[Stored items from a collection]
*-*-*
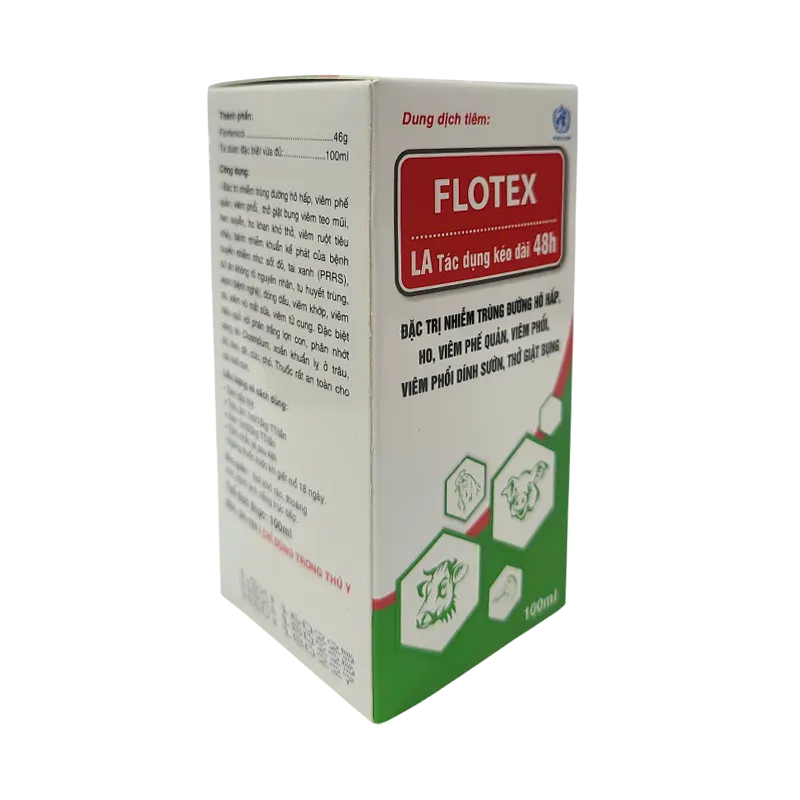 FLOTEX là kháng sinh thế hệ mới dạng tiêm, chuyên dùng trong thú y, có phổ tác dụng rộng và mạnh, đặc trị các bệnh nhiễm trùng đường hô hấp, tiêu hóa, viêm khớp, viêm da và các bệnh kế phát do virus truyền nhiễm. Sản phẩm được đánh
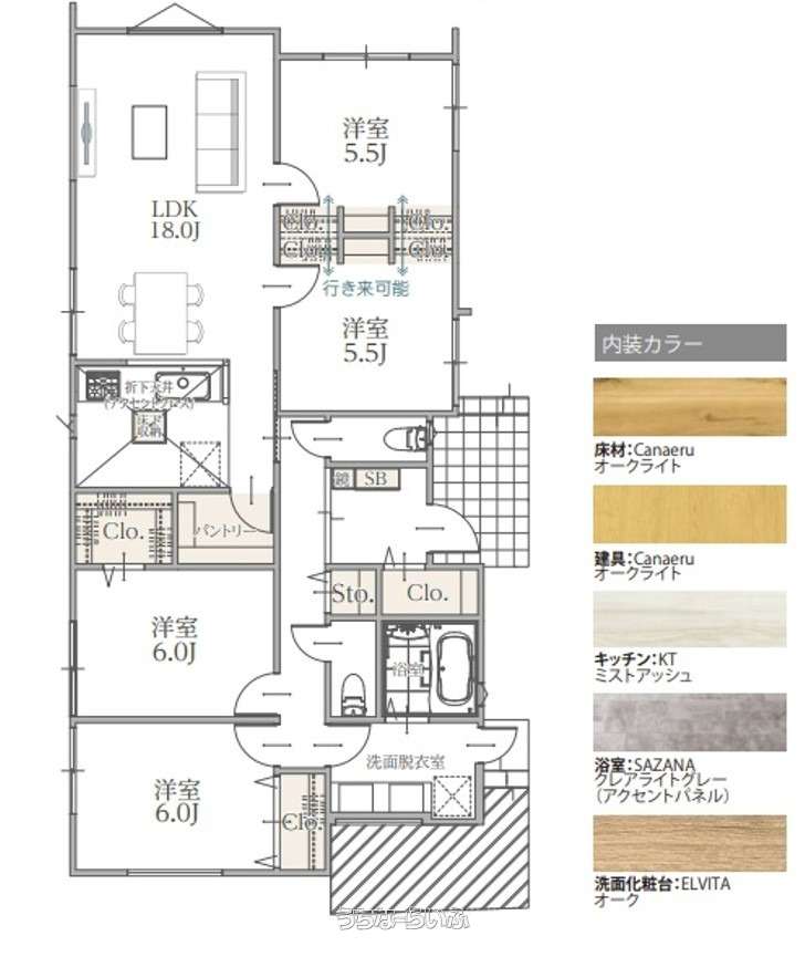 | 間取り | 4LDK ( 洋5.5 洋5.5 洋6 洋6 LDK18 ※1F/大容量キッチンパントリー付き・大容量クローゼット・洗面台2台・トイレ2ヶ所・洗濯物干し) | ||
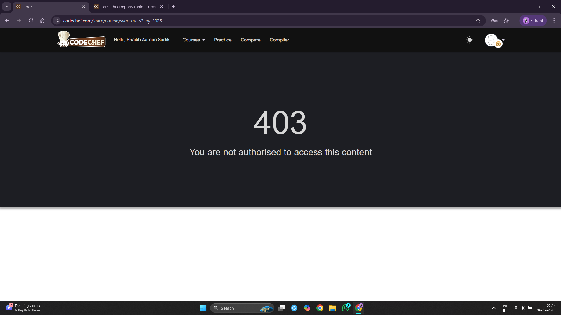 Hello CodeChef, I am student of SVERI COEP, Pandharpur. I recently started python with oops course, I completed almost 20% of the course.
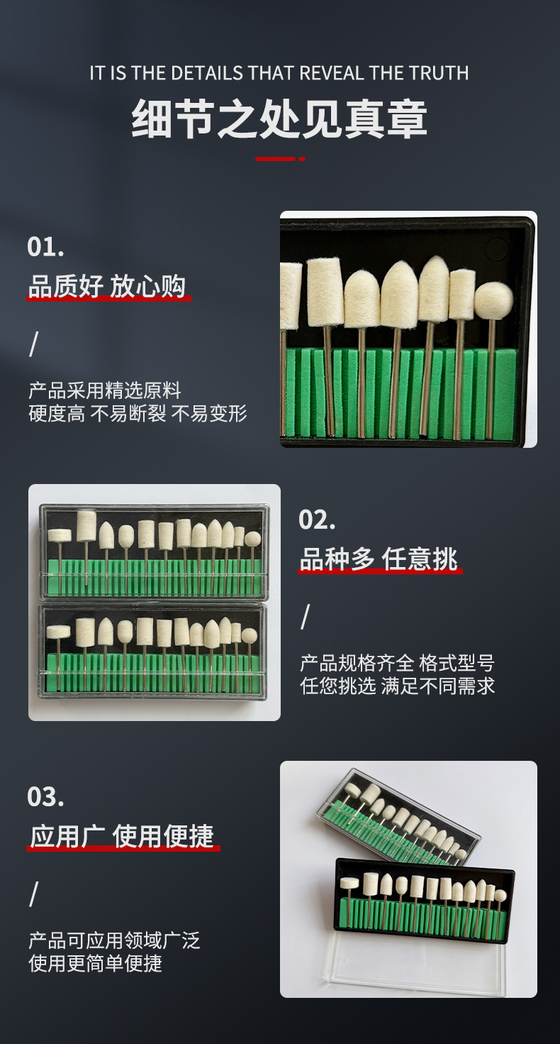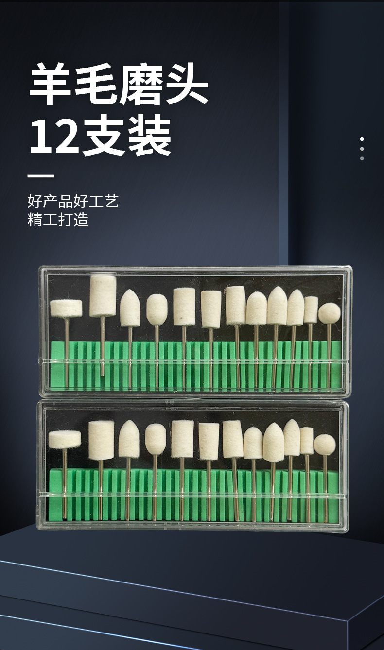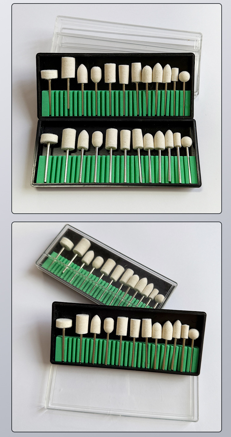 12 piezas de molienda de lana, amolador de uñas eléctrico, caja de molienda de lana, pulido de uñas
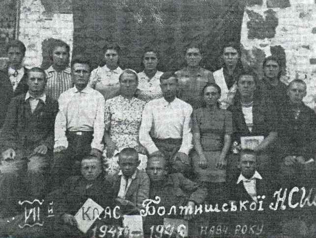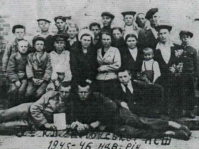 Далі брат Микола говорив: "Навчання в школі не відразу розпочалися. Та все-таки поновлена радянська влада знайшла кошти для школи і ми пішли вчитися. Четвертий клас я закінчив навесні 1944 року. А вже в п'ятому класі розпочалася "чехарда". Під час окупації підлітків забирали на примусові роботи до Німеччини, а їхати туди добровільно ніхто не хотів, тому вони переховувалися під час таких операцій і про навчання навіть мови не було. Наприклад, Шурко Баль одягався в жіноче вбрання і це його врятувало від фашистського рабства. Коли прийшли наші війська, постало питання про навчання цих дітей-переростків. Ось чому нас в п'ятому класі стало дуже багато. Не всі переростки хотіли вчитися, а такий, як Степан Карабаш, наш троюрідний брат по батьківській лінії, окрім хуліганства нічого більше не робив в школі. Це було не навчання, а знущання над вчителями і дітьми, які бажали набути хоч які-небудь знання. Навесні 1945 року дехто із переростків залишив навчання. Звичайно в такій ситуації про якість навчання мова не йшла. Тому педагогічний колектив прийняв рішення: всім бажаючим вчитися знову пройти курс за п'ятий клас, і 1 вересня 1945 року я знову розпочав програму п'ятог1о класу. Але і це рішення не дало позитивного результату. Наприкінці навчального року в 1946 році нас залишилося і закінчило навчання за п'ятий клас лише 13 учнів.
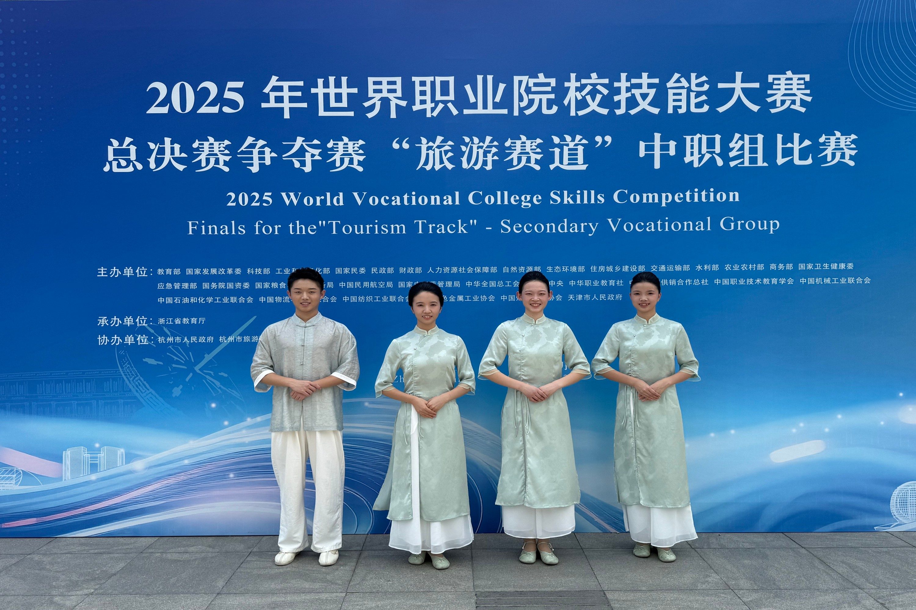 这三位同学的成长轨迹,是一路拼搏、不断突破的真实写照。从演说词的一遍遍推敲,到服务技能的反复打磨;从校内选拔的紧张备战,到世赛舞台上的从容绽放——朱梦媛、程木楠、王浩彬用一枚宝贵的银牌,为自己的中职生涯交上了完美答卷,也打开了通往本科院校的大门。他们的经历告诉每一位中职学子:技能过硬,同样前程似锦。
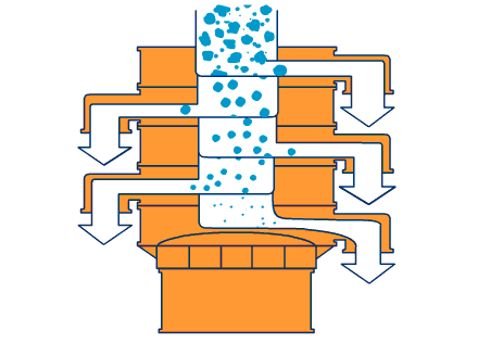 旋轉篩粉機采用YZUL立式振動電機作為激振源,通過振動電機上下兩端的偏心重錘將旋轉運動轉變?yōu)樗、垂直、傾斜的三次元運動,并傳遞到篩粉機的篩面上;物料通過入料口進入設備內,根據不同物料篩分要求,物料經過1-5層采用不同目數的金屬編織篩網的篩分層,在這個過程中,位于各層的篩網下的清網裝置(彈跳球)通過頻率振動不斷撞擊篩網,使篩網上層物料能夠順暢的透網篩分,并有效解決了物料堵網問題出現,不同目數的物料通過各層對應目數的篩網后在各層的出料口排出,實現篩選除雜或過濾分級的目的。調節(jié)上、下兩端的相位角,可以改變物料在篩面上的運動軌跡。
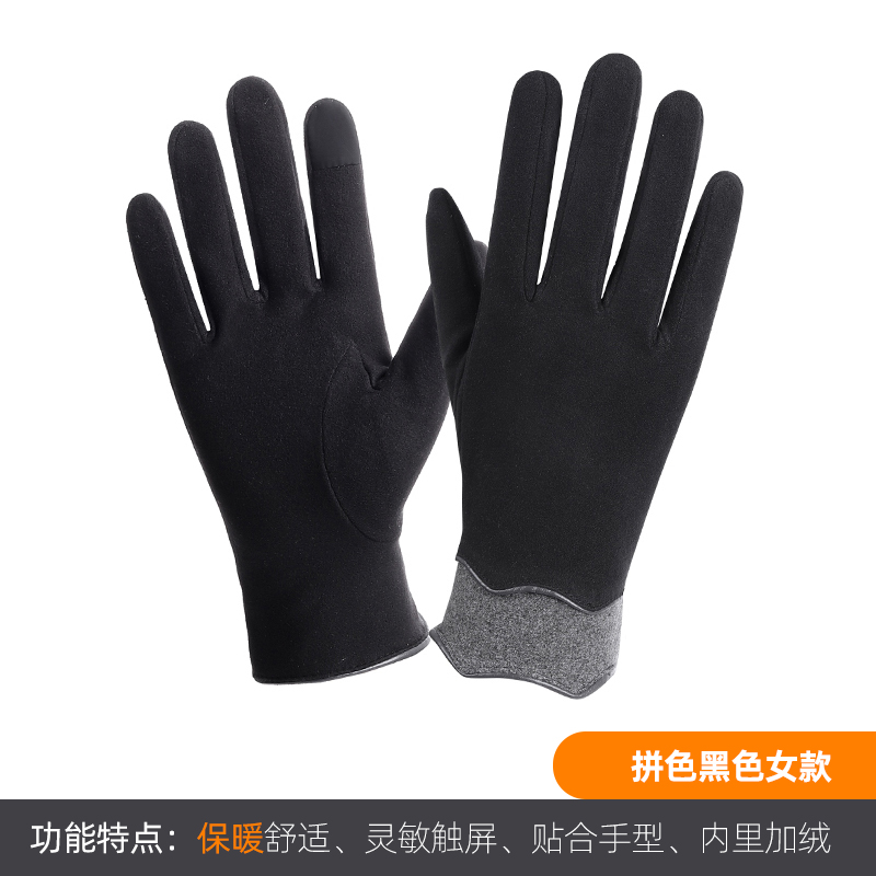南极人秋冬天新款保暖手套女士加绒舒适骑车触屏防寒户外开车男H 拼色黑色女款1583
*-*-*
YOUR GOAL –
The answer must be the lines of the entries above, written out exactly from the first through the one with "LDK18 ※1F/大容量キッチンパントリー付き・大容量クローゼット・洗面台2台・トイレ2ヶ所・洗濯物干し) | ||", and no pictures.

TASK ANSWER –
 FLOTEX là kháng sinh thế hệ mới dạng tiêm, chuyên dùng trong thú y, có phổ tác dụng rộng và mạnh, đặc trị các bệnh nhiễm trùng đường hô hấp, tiêu hóa, viêm khớp, viêm da và các bệnh kế phát do virus truyền nhiễm. Sản phẩm được đánh
 | 間取り | 4LDK ( 洋5.5 洋5.5 洋6 洋6 LDK18 ※1F/大容量キッチンパントリー付き・大容量クローゼット・洗面台2台・トイレ2ヶ所・洗濯物干し) | ||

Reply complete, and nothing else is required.